**WHAT IS REQUIRED**
In the listing below, the lines starting with the line with "Item Model Number: T1094,Feeding" and going on through the line with "Слайд 7Шалом- алейхэм, малахэй" are to be reproduced exactly, and only those.

····················

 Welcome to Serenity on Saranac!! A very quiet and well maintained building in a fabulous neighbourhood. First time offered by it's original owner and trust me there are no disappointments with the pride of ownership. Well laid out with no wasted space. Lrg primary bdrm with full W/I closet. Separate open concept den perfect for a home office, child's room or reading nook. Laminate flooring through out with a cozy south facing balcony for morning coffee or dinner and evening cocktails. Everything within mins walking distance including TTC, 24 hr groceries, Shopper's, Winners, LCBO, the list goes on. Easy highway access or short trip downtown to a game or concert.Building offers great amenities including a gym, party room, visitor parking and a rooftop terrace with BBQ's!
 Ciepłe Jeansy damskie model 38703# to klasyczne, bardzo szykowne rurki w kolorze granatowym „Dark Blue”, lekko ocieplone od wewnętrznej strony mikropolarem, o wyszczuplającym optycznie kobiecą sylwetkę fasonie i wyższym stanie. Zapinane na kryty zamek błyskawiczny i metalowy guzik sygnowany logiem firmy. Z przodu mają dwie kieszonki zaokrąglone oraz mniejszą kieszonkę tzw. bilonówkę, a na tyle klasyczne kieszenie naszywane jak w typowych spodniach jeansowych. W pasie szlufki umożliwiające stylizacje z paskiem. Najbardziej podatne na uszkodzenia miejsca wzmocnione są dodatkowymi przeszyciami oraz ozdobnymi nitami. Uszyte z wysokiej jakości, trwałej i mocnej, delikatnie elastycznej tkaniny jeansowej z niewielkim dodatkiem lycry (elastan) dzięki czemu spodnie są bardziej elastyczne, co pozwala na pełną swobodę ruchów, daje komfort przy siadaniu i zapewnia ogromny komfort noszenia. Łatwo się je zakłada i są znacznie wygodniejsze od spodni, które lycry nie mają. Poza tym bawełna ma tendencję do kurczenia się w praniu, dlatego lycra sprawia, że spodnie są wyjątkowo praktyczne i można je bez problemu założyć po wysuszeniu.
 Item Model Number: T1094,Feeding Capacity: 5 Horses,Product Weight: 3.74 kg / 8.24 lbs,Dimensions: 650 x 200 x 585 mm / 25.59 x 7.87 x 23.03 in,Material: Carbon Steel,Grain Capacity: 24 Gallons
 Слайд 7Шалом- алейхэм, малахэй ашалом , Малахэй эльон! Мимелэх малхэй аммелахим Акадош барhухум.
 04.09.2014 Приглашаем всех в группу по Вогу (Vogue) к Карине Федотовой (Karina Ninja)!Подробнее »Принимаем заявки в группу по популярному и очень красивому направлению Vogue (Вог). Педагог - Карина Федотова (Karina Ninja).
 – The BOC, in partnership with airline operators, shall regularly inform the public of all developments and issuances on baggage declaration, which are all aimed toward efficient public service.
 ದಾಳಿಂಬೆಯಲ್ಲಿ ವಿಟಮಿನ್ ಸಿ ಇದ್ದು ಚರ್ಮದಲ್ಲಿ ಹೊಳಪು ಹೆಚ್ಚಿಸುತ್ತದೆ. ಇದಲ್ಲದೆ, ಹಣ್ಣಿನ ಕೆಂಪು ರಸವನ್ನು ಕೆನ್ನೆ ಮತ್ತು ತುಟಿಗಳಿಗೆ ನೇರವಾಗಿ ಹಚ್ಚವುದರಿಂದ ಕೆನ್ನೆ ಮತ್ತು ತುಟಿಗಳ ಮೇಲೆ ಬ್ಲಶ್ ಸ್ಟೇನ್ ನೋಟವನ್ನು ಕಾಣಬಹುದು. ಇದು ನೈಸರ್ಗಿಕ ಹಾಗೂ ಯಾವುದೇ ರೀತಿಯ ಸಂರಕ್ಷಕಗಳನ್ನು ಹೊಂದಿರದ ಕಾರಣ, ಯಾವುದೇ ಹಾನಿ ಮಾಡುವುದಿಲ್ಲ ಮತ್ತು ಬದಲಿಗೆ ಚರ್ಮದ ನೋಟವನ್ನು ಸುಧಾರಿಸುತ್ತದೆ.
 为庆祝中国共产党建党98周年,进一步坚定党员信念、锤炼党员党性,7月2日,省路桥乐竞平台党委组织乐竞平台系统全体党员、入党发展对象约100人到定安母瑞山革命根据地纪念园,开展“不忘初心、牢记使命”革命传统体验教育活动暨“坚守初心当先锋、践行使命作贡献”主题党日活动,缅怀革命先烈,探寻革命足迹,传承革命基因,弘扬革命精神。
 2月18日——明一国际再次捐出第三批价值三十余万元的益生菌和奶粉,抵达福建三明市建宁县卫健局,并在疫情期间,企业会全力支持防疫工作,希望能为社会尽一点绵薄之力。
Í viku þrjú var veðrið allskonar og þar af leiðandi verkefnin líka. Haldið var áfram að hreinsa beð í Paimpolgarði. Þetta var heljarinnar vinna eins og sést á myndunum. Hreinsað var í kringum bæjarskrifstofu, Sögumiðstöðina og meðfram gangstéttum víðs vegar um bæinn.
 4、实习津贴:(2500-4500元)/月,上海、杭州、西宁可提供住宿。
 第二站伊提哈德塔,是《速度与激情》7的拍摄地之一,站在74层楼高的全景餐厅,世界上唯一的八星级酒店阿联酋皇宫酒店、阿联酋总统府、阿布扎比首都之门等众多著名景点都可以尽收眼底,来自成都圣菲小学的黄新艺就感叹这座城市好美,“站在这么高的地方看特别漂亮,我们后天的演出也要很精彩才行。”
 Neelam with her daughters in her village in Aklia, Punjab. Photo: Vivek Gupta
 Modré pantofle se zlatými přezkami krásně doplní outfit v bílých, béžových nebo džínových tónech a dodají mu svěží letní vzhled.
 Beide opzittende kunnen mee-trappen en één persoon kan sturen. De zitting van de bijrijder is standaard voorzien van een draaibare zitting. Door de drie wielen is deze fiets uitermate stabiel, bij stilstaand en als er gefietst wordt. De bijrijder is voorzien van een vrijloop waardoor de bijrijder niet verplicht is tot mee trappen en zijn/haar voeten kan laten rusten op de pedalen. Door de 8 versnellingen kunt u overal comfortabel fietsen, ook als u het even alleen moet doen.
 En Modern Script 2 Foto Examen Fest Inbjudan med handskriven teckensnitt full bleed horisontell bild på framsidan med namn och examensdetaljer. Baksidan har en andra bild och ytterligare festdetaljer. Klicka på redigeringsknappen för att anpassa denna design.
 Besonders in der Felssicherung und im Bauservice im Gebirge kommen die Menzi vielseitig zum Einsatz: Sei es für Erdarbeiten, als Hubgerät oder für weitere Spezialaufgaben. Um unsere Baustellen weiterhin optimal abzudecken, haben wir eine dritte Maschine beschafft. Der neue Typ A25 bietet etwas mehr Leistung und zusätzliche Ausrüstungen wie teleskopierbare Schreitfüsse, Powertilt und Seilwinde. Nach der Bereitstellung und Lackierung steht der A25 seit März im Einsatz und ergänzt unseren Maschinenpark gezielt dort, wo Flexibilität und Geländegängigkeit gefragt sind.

····················

**TASK RESPONSE**
 Item Model Number: T1094,Feeding Capacity: 5 Horses,Product Weight: 3.74 kg / 8.24 lbs,Dimensions: 650 x 200 x 585 mm / 25.59 x 7.87 x 23.03 in,Material: Carbon Steel,Grain Capacity: 24 Gallons
 Слайд 7Шалом- алейхэм, малахэй ашалом , Малахэй эльон! Мимелэх малхэй аммелахим Акадош барhухум.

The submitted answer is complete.